I am in the process of setting up a 10 gallon planted tank for cherry shrimp or crystal shrimp and I want to include a CO2 system. Not very interested in paying the large amounts of money for the compressed CO2 systems found in fish stores, so I was looking at DIY.

Specifically these two methods:

DIY Yeast-Generated CO2 System
DIY CO2 System for Planted Aquarium

How much would the supplies cost for the DIY and how much would it cost to maintain? What about the store-bought compressed CO2 with the silver cans, gauges, etc.

I'm also interested in making the same DIY system for my established 36 gallon tank. Would it injure the fish to all of a sudden include CO2 or should I start using it gradually?
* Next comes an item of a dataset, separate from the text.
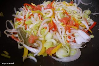 - Na wok deitar um fio de azeite, os alhos franceses em rodelas, o pimento em tiras e deixar saltear no azeite. Quando os espinafres estiverem descongelados, escorrer e juntar aos restantes legumes. Envolver e deixar estufar até ficarem amolecidos.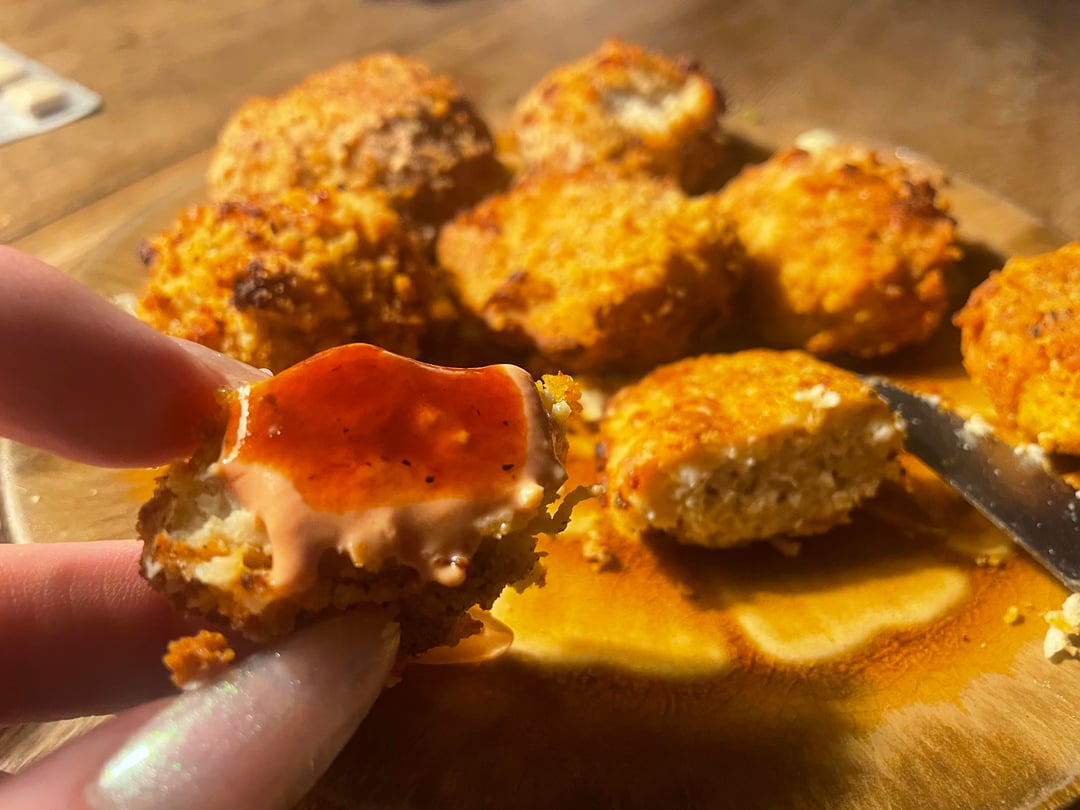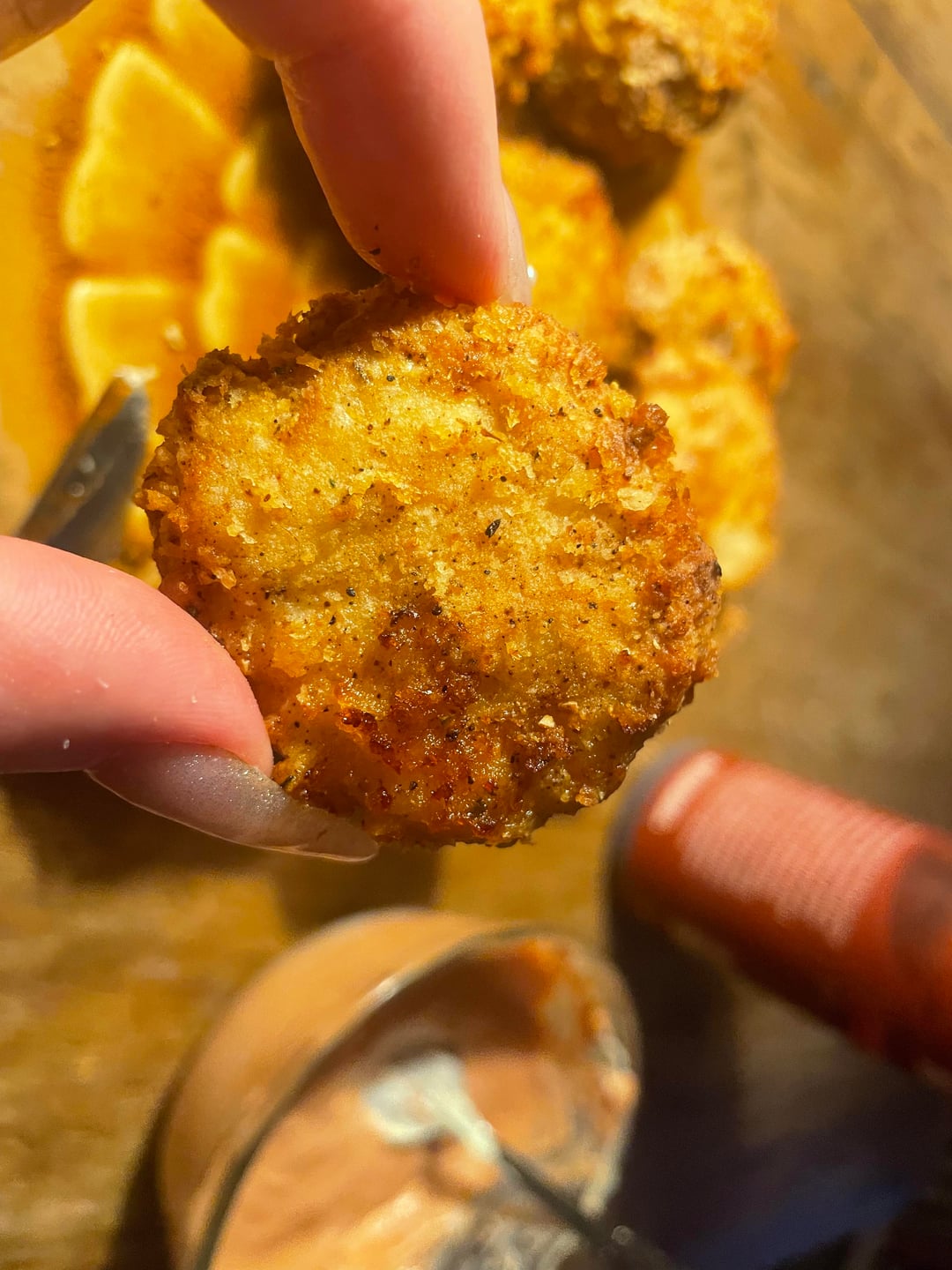 •Then added spices I like to the ground meat, shape them into nuggets and dust in whatever flour you like.

Also, I have an air stone pumping in my 36 gallon. Would this release or waste any of the CO2 or would it actually be helpful to let some oxygen in too?

Thanks!

Edit: forgot to add: How much more effective is CO2 injection over chemicals like Flourish? I currently use chemicals right now, but plant growth is slow. I also have a 30W natural daylight fluorescent lamp on my 36 gallon and a 17W fluorescent light on my 10 gallon. I am planning on upgrading these both to T5 fixtures around Christmas time since they are costly.


----------



## coralbandit (Jul 29, 2012)

the second diy seemed to address the problems the first said would happen.As for cost of materials if those articles weren't old they listed prices? The second system seemed to be complete and well thought out.The little silver cans sold in LFS I would think of like having a BB gun;if you need the co2 canister then you only get to shoot X times before you replace, where if you had pump action you can shoot till your tired of pumping.The cost of replacing small cylinders would seem to make the system un user($) friendly besides the chance of running out and then you have to run out to get more($).Sugar and yeast are not that expensive in comparison.Replacement of generator bottle could easily be done every two weeks as routine maint. while servicing your tank(no big deal).I like system 2 and consider it myself thanks for the link!


----------



## ianeberle (Aug 11, 2012)

They said that the whole thing would cost about $50, but later in the article it said one piece was $35 and one was $25, so I got confused... I was looking for somebody who had created a DIY system on a 10 gallon who could tell me about what it would cost.

Thanks, though and you're welcome for the link!


----------



## jrman83 (Jul 9, 2010)

A DIY is a few used plastic bottles, tubing, sugar and yeast. You really can't get much cheaper than that. If you start adding things to it for whatever reason it is user preference, but not necessarily needed. 

What fixture would you be getting? T5 or T5HO?


----------



## ianeberle (Aug 11, 2012)

I am going to use two 14w CFL 5000k lights. Also I already have the plastic bottles, all I need is the silicone tubing and yeast. The system looks simple to set up actually!


----------